Rund drei Jahre nach dem ersten Lockdown sind diese Ängste zwar nicht real geworden. Aber die Sorge des Kompetenzverlusts ist durchaus berechtigt, sieht man sich die Lesefähigkeiten der Volksschüler an. Zwar können Österreichs Viertklässler besser lesen als der internationale Durchschnitt – die Lesekompetenz ist insgesamt aber leicht zurückgegangen. Die Versäumnisse durch Corona dürften also da sein, aber nicht so schlimm wie angenommen. Das zeigt die am Dienstag veröffentlichte internationale Lesestudie "Pirls", für die Viertklässler im Jahr 2021 Texte lesen und dazu Fragen beantworten mussten.

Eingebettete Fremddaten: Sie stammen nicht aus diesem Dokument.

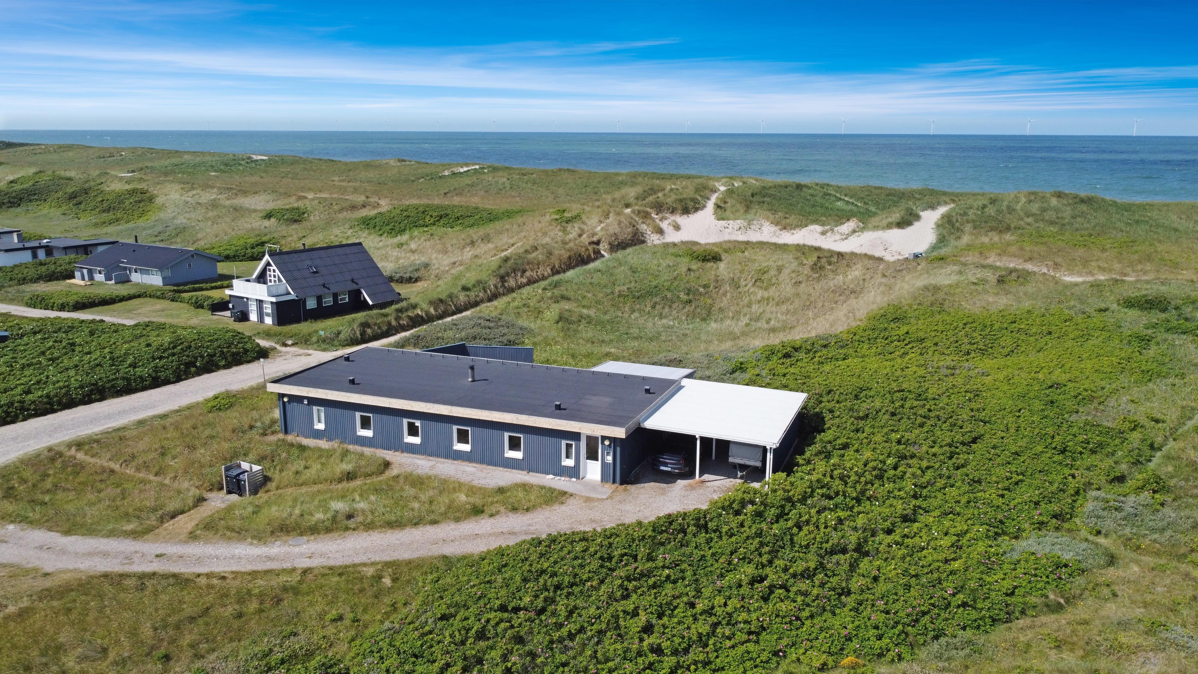 Her bydes på rigtig gode terrasseforhold med delvis overdækning og med udsigt til klitterne. Her er havemøbler, 2 solvogne og grill til de gode lange sommerdage. Der forefindes også en carport til bilen. Huset ligger ideelt til at benytte Vesterhavet og stranden. Et stenkast væk kan man flyve med drage og man kan gå lige ned til stranden at lystfiske. Om sommeren kan man bade, spille bold eller lave sandslotte, så kun fantasien sætter grænser. Rent praktisk ligger indkøbsmuligheder som Aldi og Brugsen kun godt 1 kilometer væk i Harboøre. Havnebyerne Lemvig og Thyborøn nås begge på cirka 15-20 minutter i bil.
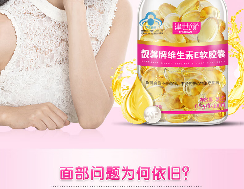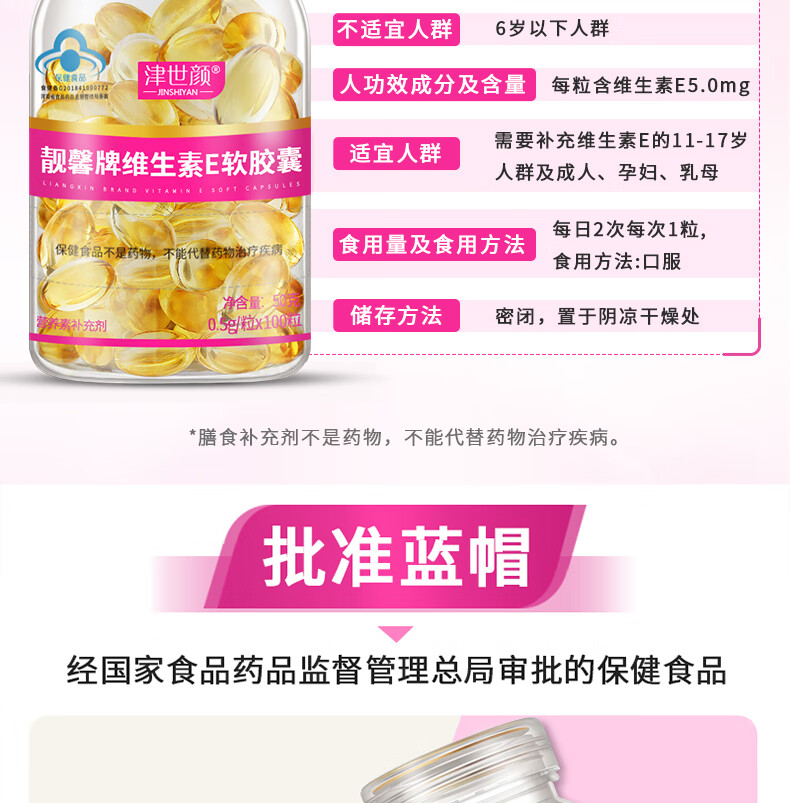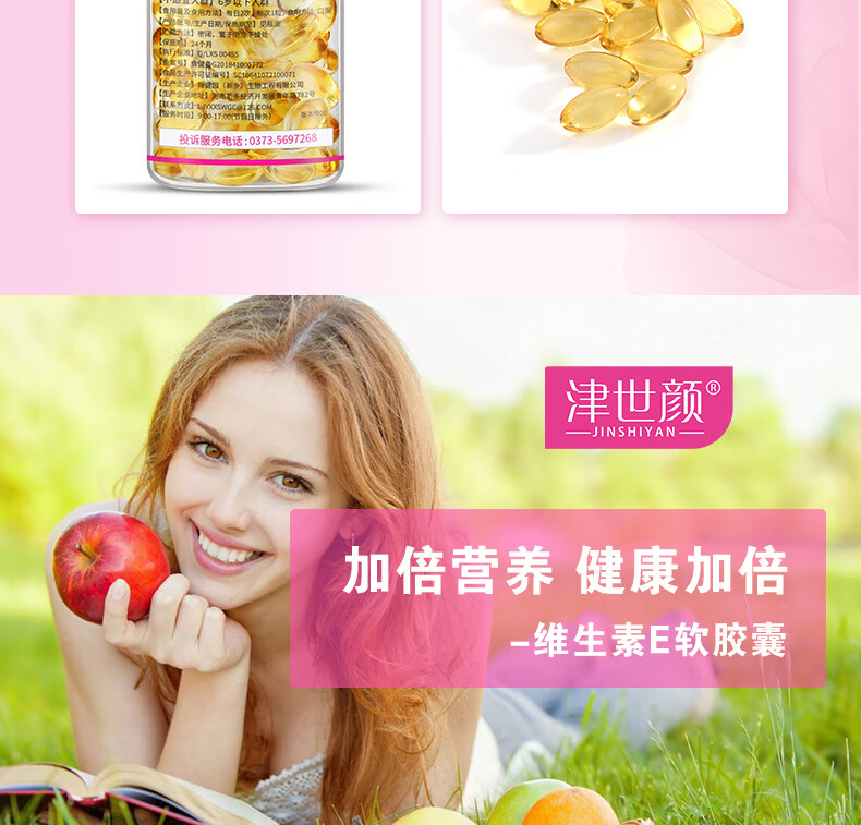津世颜 维生素E100粒 补充维生素e VE软胶囊 女人保养滋润营养 100粒x1瓶

Nur weil es weniger schlecht ist als befürchtet, ist das noch lange kein gutes Ergebnis. Dass die Lesekompetenz österreichischer Volksschüler wieder auf dem Niveau von vor zehn Jahren ist, stellt Österreichs Schulsystem kein Einserzeugnis aus. Die Gruppe der herausragenden Leseratten ist mit sieben Prozent deutlich geringer als beim Spitzenreiter Irland mit 27 Prozent. Die Schüler haben vor allem Probleme, das Gelesene wiederzugeben, mit bereits vorhandenem Wissen zu verknüpfen, zu interpretieren. Es scheint, als würde diese Form des Lesens in den Volksschulen wenig gelehrt werden. Dabei ist diese Fähigkeit später im Gymnasium oder der Mittelschule, bei der Zentralmatura oder spätestens im Berufsleben essenziell.

Schwache wurden schwächer

Eine weitere These, die von Lehrkräften und Bildungsexperten in der Pandemie aufgestellt wurde, hat sich allerdings traurigerweise bestätigt: Jene, die schon benachteiligt sind, wurden noch mehr benachteiligt. Etwa, weil ihre Eltern nicht so gut Deutsch sprechen, im Homeschooling und bei Hausaufgaben nicht unterstützen können oder Nachhilfe schlicht zu teuer ist. Deutlich sieht man das bei den schwachen Leserinnen und Lesern, deren Anteil im Vergleich zur letzten Untersuchung 2016 gestiegen ist. Jedes fünfte Kind kann nicht gut lesen, darunter Buben häufiger als Mädchen. Auch mehrsprachige Kinder schneiden deutlich schlechter ab als einsprachige. Die Daten zeigen einmal mehr, dass Österreich zu jenen EU-Ländern gehört, wo sich der Bildungsabschluss und der Job der Eltern am stärksten auf die Lese-Skills ihrer Kinder auswirken.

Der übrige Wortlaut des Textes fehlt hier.